- WHAT IS REQUIRED -
Taking the data below, please print only the lines from the line holding "3D Bluish Green" to the line holding "Commission work for", inclusive, with pictures omitted.

- DATA SHOWN -

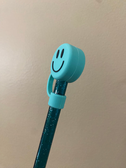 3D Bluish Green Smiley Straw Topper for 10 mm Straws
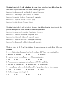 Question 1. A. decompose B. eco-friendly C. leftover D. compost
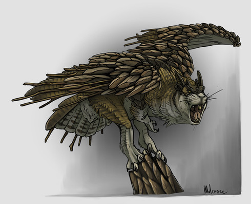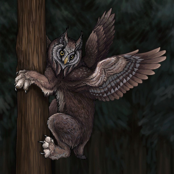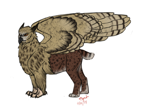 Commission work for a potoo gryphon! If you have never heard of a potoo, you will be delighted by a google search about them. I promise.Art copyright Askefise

==

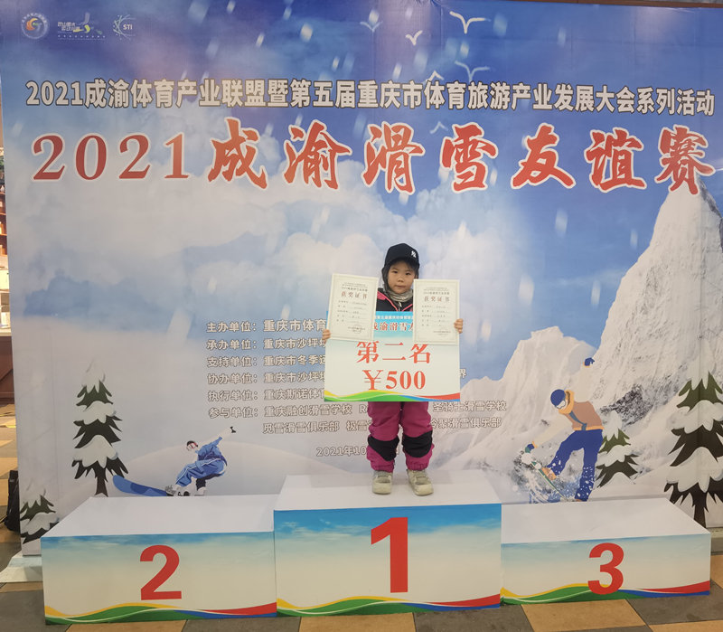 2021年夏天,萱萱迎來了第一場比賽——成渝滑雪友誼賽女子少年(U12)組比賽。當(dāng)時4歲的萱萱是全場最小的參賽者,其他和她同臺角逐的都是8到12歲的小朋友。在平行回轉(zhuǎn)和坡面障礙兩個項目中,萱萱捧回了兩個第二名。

- EXERCISE RESPONSE -
 3D Bluish Green Smiley Straw Topper for 10 mm Straws
 Question 1. A. decompose B. eco-friendly C. leftover D. compost
 Commission work for a potoo gryphon! If you have never heard of a potoo, you will be delighted by a google search about them. I promise.Art copyright Askefise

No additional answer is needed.